Suzanne was born on July 14, 1947, in Dallas, Texas and married Stephen Freeman in 1971.
 
Suzanne graduated from the University of Arkansas in 1975 with a Bachelor of Arts in the German language. She was an active member of the Alpha Delta Pi Sorority.
 
Suzanne and Stephen moved to Westlake Village, California in 1976.
 
Throughout her professional career she worked for Westlake Lutheran Church, Exxon, and for the majority of her career in the Office of the President at California Lutheran University in Thousand Oaks, California.
 
She is survived by her husband, Stephen G. Freeman and children David C. Freeman, of Las Vegas, Nevada and Ashley A. Freeman, of Santa Barbara, California.  In addition Suzanne's sister, Janet Baber, of San Antonio, Texas; and several nieces and nephews.
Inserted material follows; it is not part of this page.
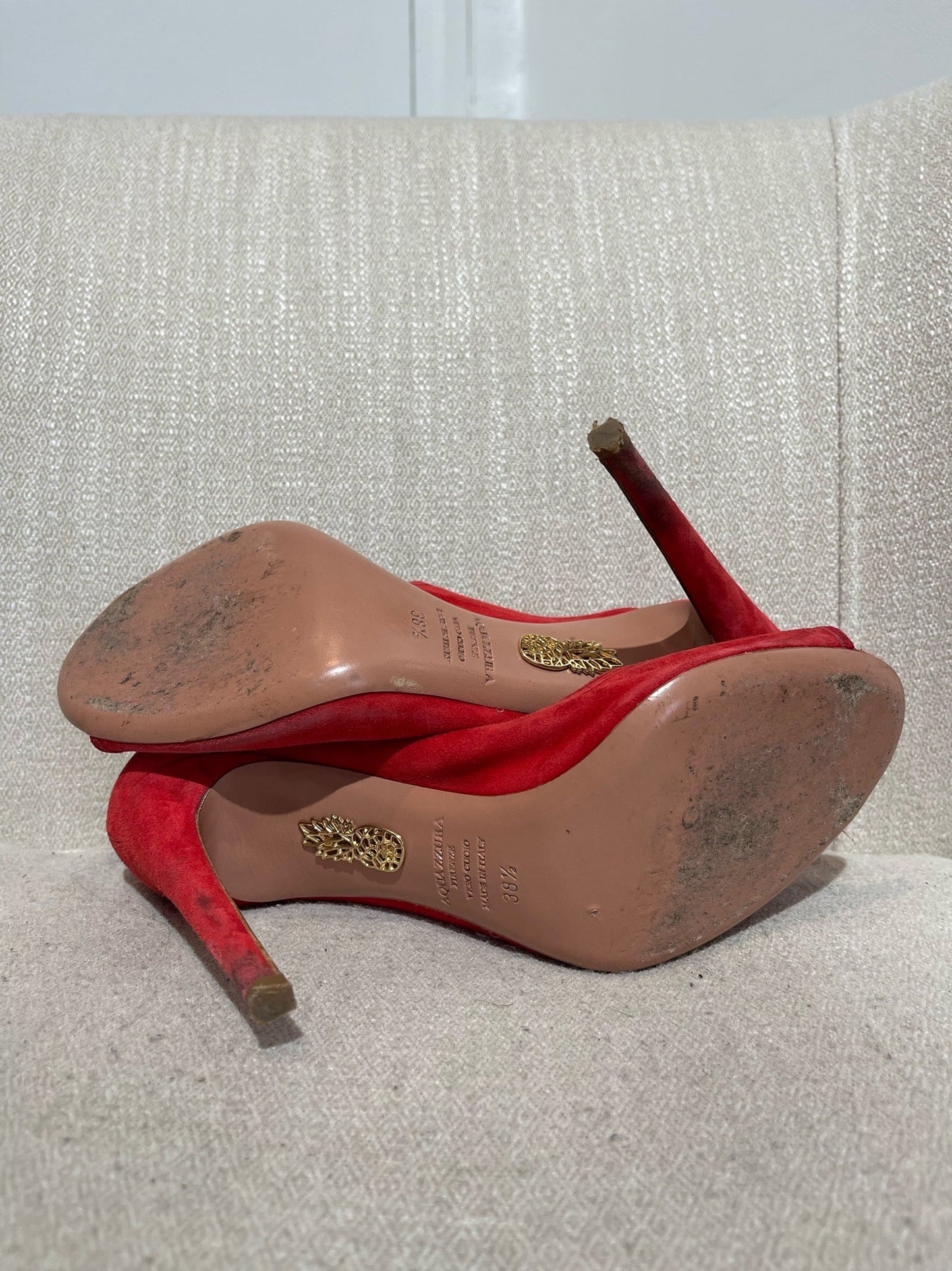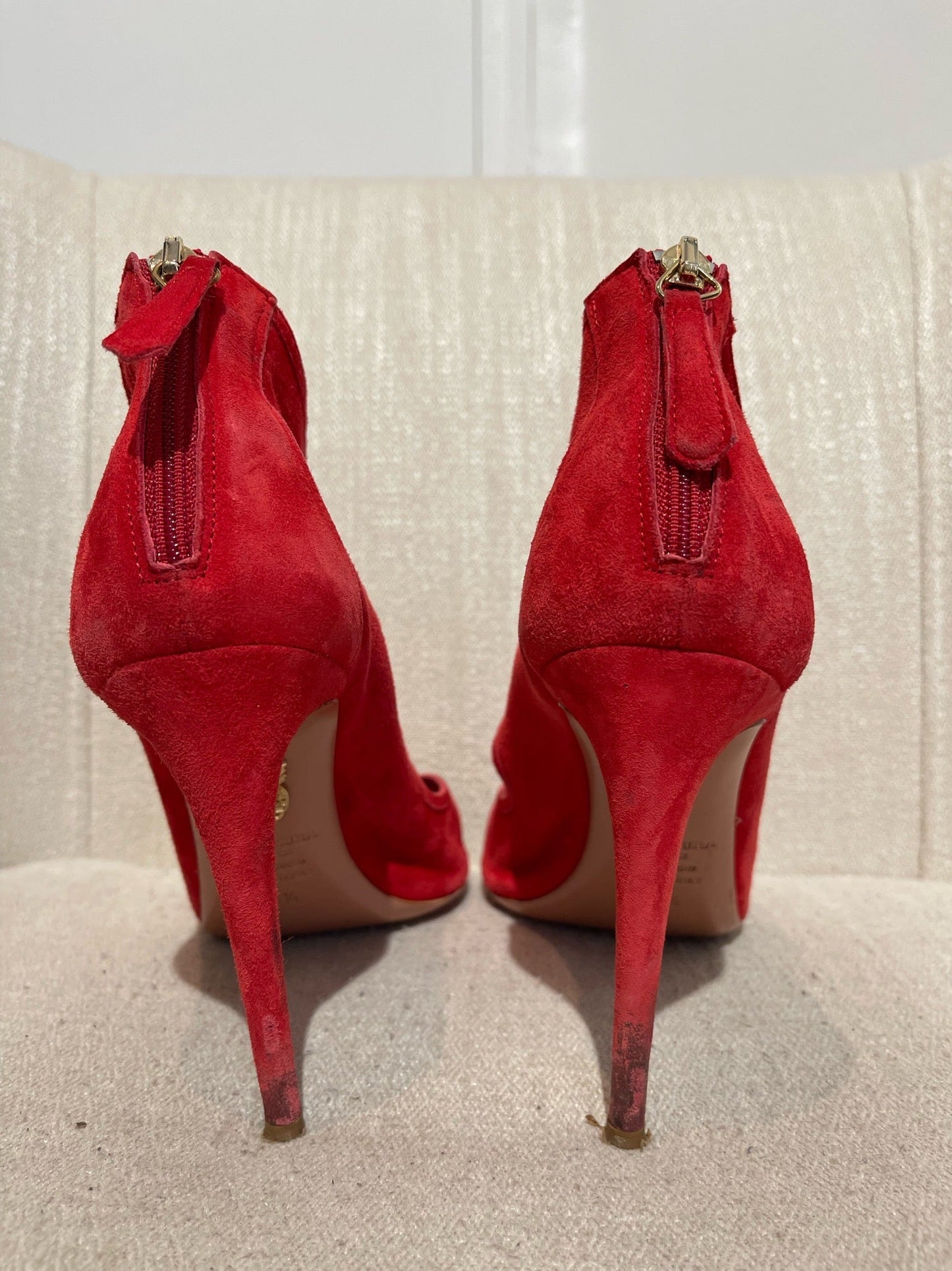 Sandales en daim rouges avec ouvertures, fermeture zip à l'arrière.

Suzanne was a devoted wife of 40 years, a beloved mother, aunt, as well as a friend to many.
 
Her mother, Francis Flick, and father, Jesse Flick, of Dallas, Texas preceded her in death.
 
She was proud of her Texan heritage and never fully lost her endearing southern accent.  All her life, Suzanne loved tennis, reading, cooking, history, knitting and politics. A world wide traveler, Suzanne spent decades filling her passport with stamps and her heart with memories.  Upon  receiving her motorcycle license in celebration of her fiftieth birthday, Suzanne began her passion of seeing the country via her Harley Davidson Softail motorcycle on trips with her husband, family and friends. She was an experienced rider of over 14 years.
 
Suzanne was a member of New Hope Lutheran Church (formally known as Westlake Lutheran Church) and Ascension Lutheran Church.  She touched lives with her positive attitude, devotion to California Lutheran University as well as with her love and generosity toward others.  Suzanne was loved by her friends and family and lived a full and joyful life. She often said, "Life is good!"